Problem requirements →
Leave out the pictures and output exactly the lines below from the one with "COACH Signature C" down to the one with "Tato zahradní sedací", both of them included.

Records for this task →
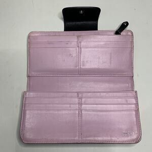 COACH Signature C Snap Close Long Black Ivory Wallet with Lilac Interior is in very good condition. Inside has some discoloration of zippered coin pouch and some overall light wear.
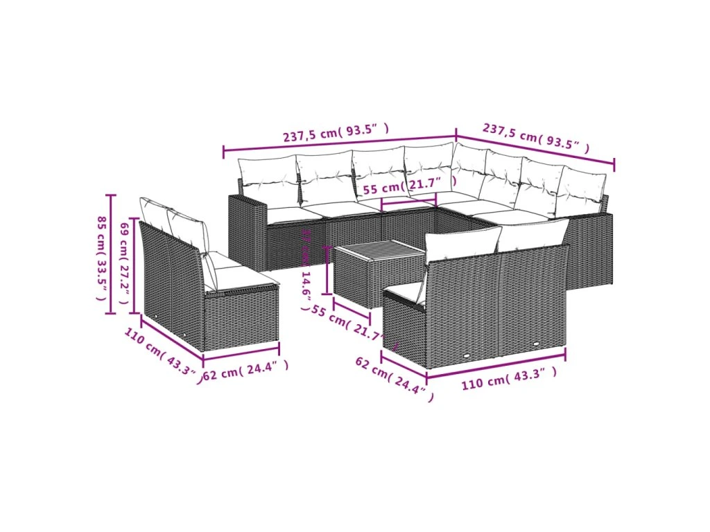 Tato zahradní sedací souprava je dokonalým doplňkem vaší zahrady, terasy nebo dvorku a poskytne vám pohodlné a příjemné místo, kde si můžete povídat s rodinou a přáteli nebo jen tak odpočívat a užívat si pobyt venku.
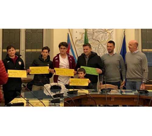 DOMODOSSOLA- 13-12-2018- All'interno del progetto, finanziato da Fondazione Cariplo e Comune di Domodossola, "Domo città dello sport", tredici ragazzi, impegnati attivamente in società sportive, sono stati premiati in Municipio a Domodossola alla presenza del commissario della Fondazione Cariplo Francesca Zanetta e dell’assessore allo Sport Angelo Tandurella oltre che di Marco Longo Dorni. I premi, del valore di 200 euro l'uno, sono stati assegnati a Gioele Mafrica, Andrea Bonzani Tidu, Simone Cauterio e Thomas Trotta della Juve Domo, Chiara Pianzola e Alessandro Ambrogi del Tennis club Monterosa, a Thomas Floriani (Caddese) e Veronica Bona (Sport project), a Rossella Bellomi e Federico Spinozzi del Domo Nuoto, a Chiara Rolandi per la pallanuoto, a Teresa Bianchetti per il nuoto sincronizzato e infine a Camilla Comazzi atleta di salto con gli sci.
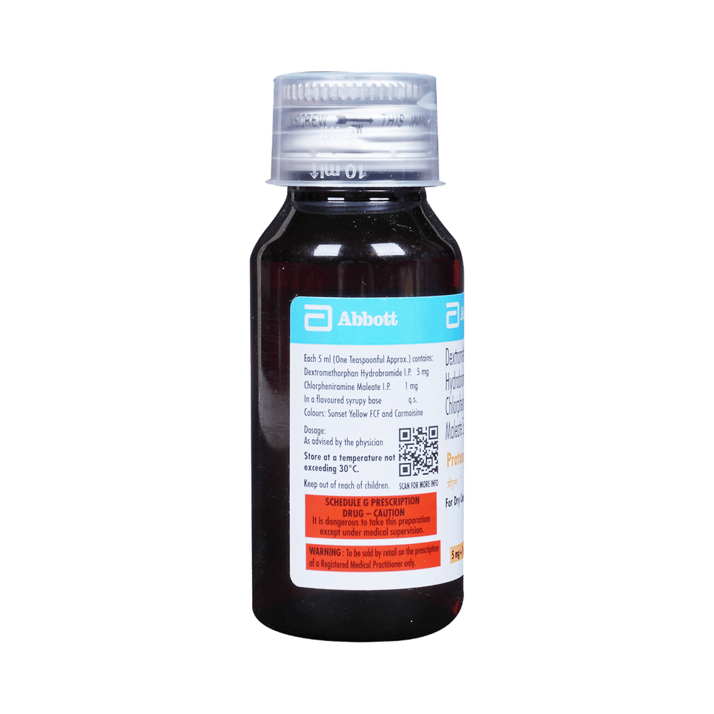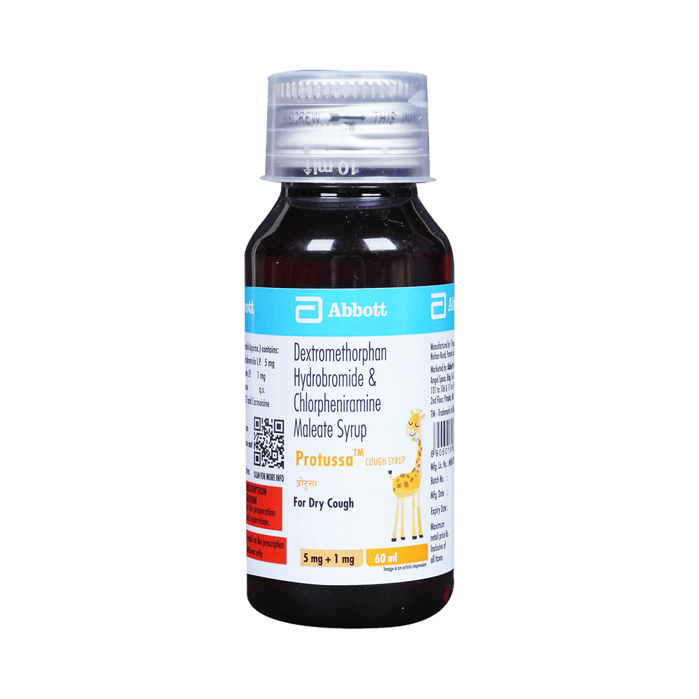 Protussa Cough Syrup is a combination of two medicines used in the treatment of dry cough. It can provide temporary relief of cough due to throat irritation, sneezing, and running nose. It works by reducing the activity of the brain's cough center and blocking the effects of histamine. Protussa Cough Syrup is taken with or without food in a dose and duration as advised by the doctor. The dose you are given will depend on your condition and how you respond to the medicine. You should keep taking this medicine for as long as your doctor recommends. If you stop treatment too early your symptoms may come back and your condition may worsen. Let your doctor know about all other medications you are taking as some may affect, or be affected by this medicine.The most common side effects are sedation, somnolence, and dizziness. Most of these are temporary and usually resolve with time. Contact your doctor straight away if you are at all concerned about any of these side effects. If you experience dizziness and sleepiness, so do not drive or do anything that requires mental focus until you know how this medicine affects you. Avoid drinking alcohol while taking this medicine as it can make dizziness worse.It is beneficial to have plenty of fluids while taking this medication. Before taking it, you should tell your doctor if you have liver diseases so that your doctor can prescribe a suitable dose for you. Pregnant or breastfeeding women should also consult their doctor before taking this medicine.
* * *
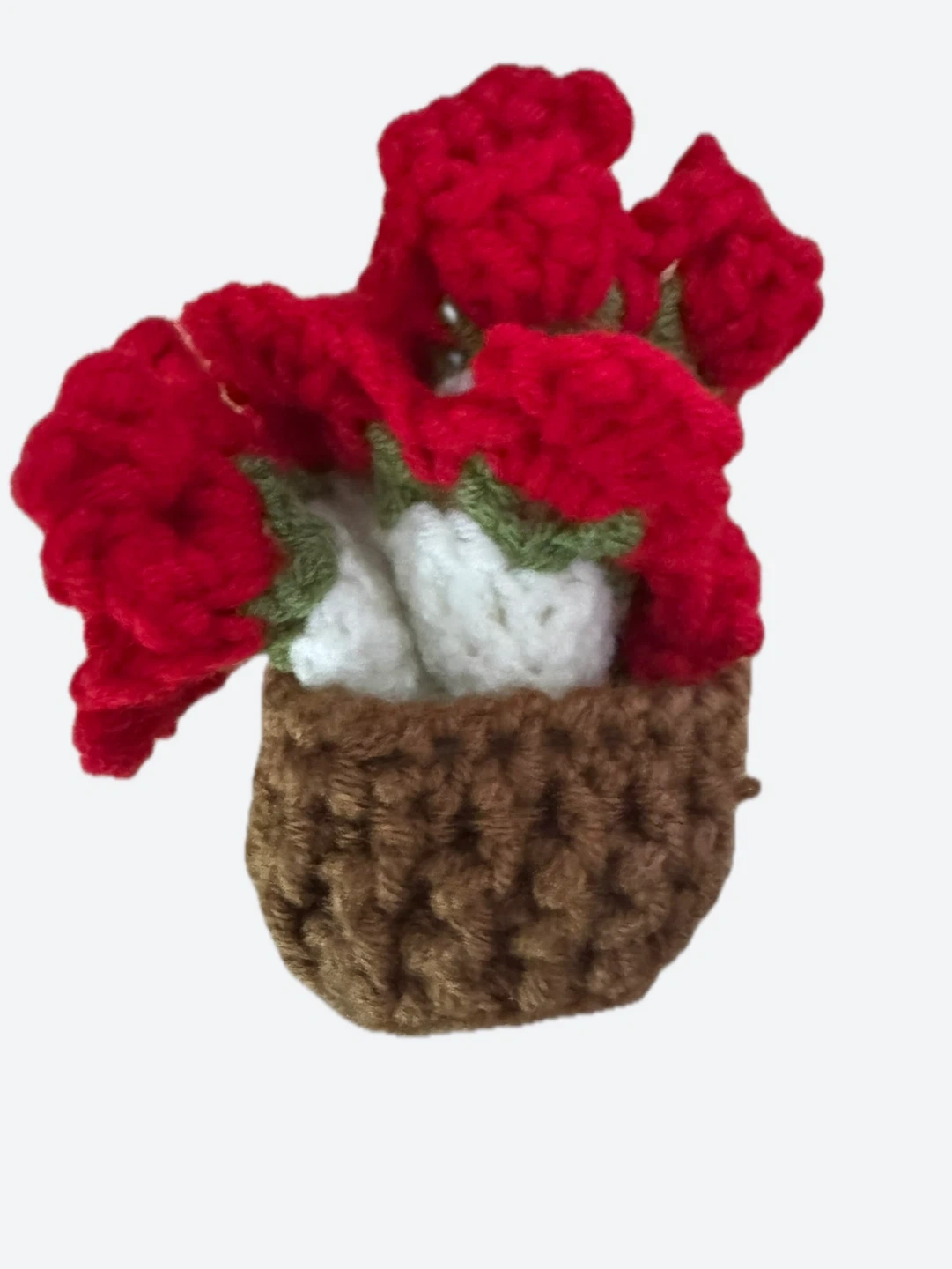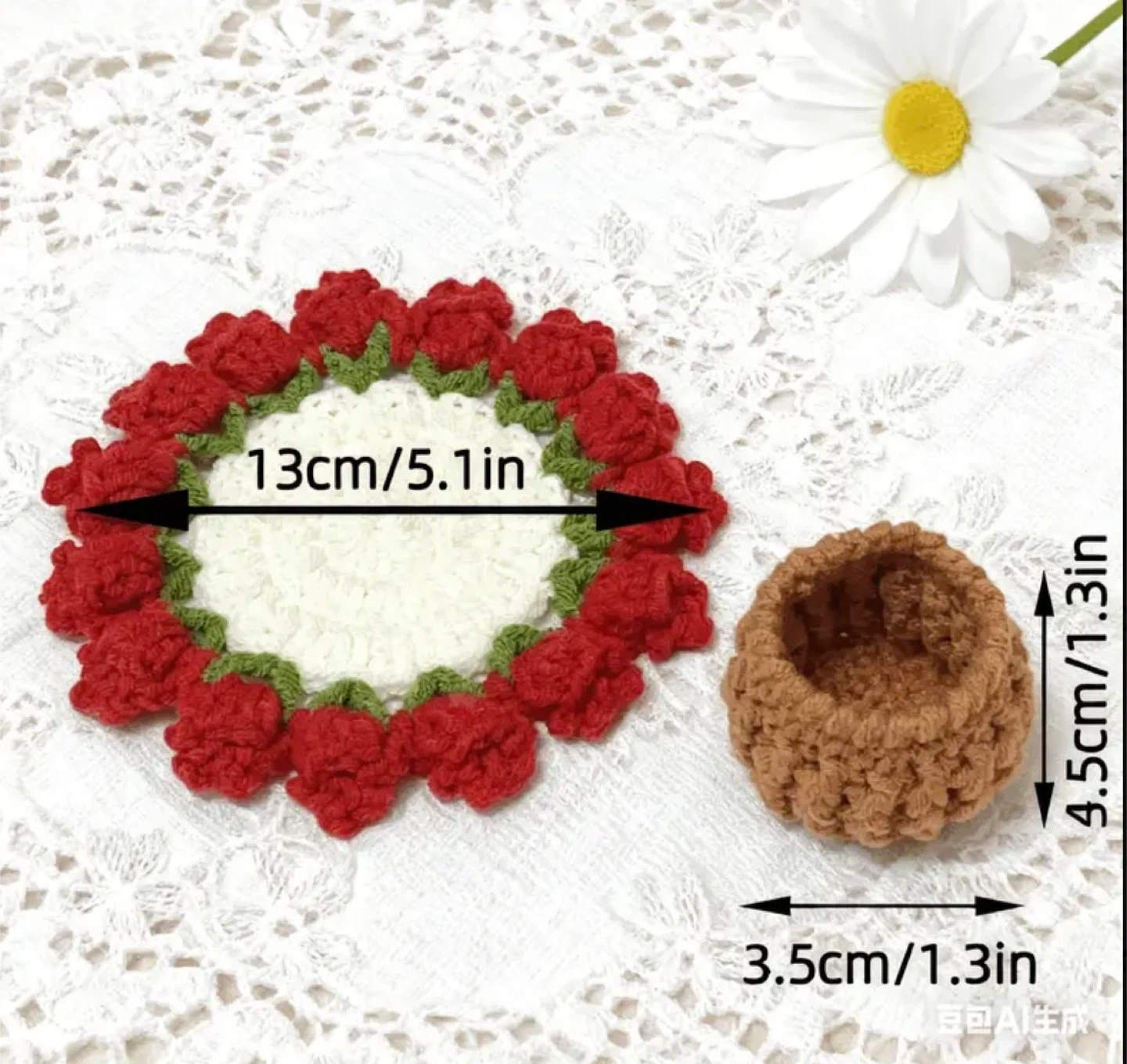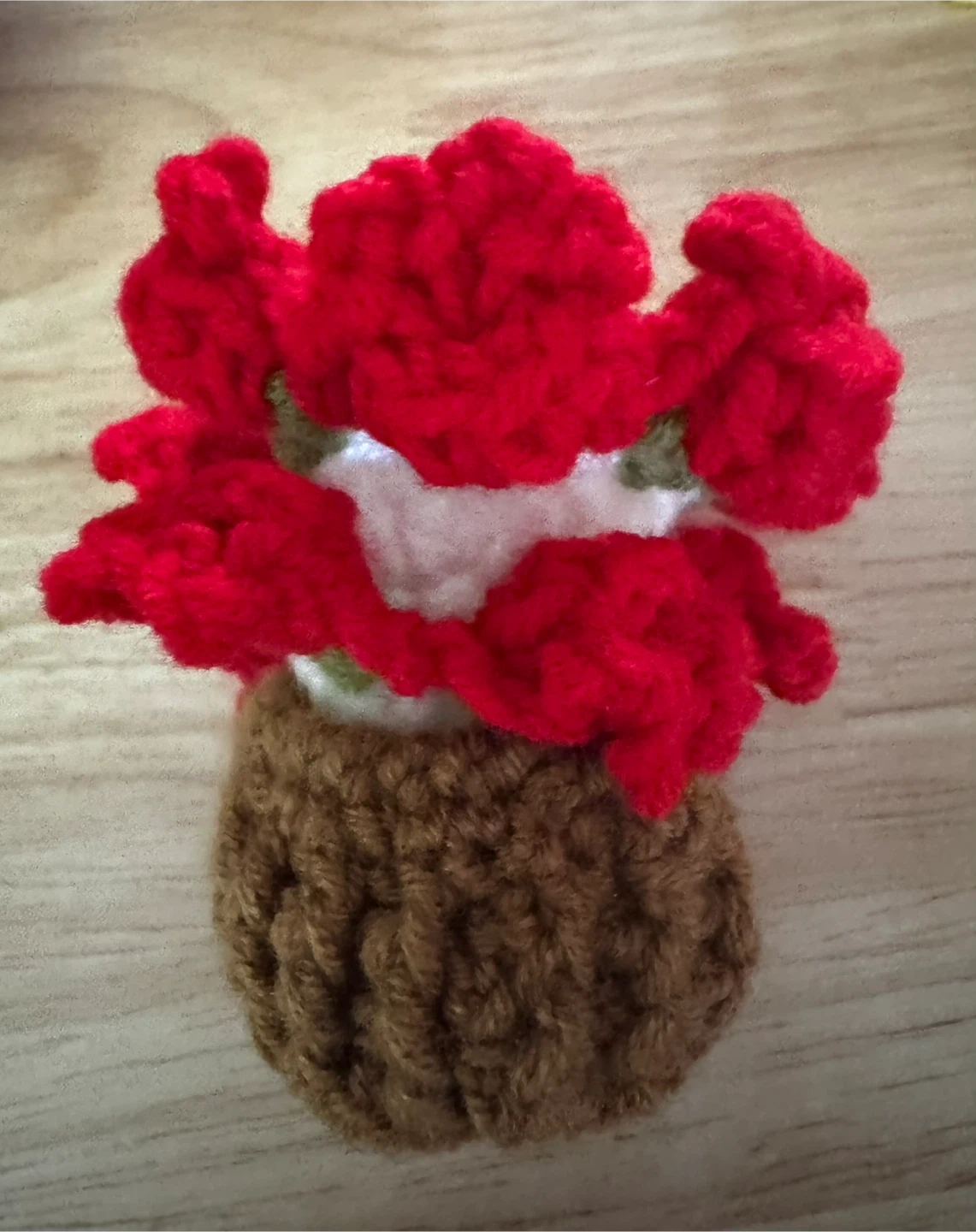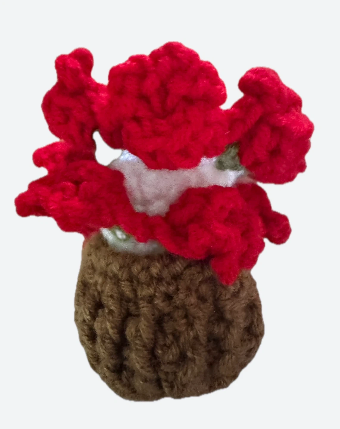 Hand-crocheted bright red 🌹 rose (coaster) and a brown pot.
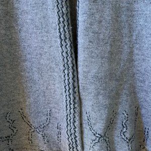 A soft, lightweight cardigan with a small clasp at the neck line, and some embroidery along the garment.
--
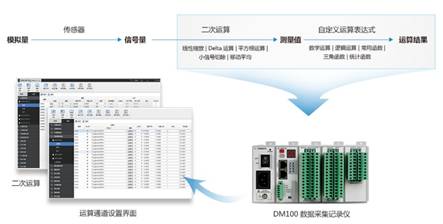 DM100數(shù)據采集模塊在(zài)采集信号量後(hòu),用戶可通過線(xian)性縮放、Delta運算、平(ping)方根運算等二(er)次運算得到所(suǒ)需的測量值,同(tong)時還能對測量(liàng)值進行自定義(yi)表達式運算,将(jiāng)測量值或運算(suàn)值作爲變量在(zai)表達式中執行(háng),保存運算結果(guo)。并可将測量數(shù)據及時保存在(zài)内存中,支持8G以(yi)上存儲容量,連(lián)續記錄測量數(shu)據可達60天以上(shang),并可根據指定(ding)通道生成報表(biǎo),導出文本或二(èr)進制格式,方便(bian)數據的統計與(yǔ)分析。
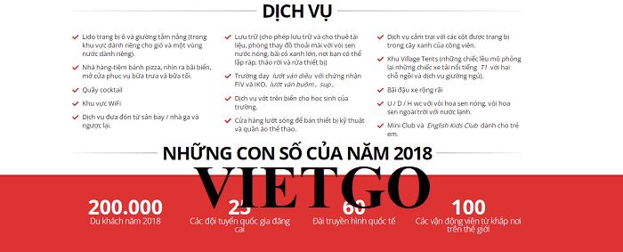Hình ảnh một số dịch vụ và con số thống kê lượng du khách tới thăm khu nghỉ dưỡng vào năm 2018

Answer area →
 COACH Signature C Snap Close Long Black Ivory Wallet with Lilac Interior is in very good condition. Inside has some discoloration of zippered coin pouch and some overall light wear.
 Tato zahradní sedací souprava je dokonalým doplňkem vaší zahrady, terasy nebo dvorku a poskytne vám pohodlné a příjemné místo, kde si můžete povídat s rodinou a přáteli nebo jen tak odpočívat a užívat si pobyt venku.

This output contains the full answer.